# Simulating variants

Pavel Dimens
Published 2024-09-30

You may want to (and are encouraged to) simulate data before investing in the costs associated with linked-read sample preparation and subsequent sequencing. Harpy provides both a variant and linked-read simulators and this tutorial serves to show a real-world workflow starting with a haploid genome and creating a diploid genome with the variants we want in it, which will then be fed into linked-read simulation. The process might seem a little roundabout due to the limitations of the underlying software, but it shouldn't be too bad to wrap your head around it! Ultimately, you will creating linked-reads from the resulting genome and then aligning those reads onto your original genome to identify those variants.
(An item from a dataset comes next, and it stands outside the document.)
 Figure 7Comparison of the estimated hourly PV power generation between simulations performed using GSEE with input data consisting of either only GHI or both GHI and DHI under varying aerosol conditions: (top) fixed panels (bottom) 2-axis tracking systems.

  • a genome assembly in FASTA format: .fasta .fa .fasta.gz .fa.gz case insensitive

To keep this tutorial simple, but with a certain amount of real-world complexity, let's say you are interested in inversions and whether your linked-reads will be able to identify inversions in your system. To simulate inversions, we will first simulate the inversions, then simulate introduce SNPs and small idnels. The SNPs and indels serve to create typical variants in the downstream linked-reads because it's highly unlikely that the only variants in your data are a few inversions.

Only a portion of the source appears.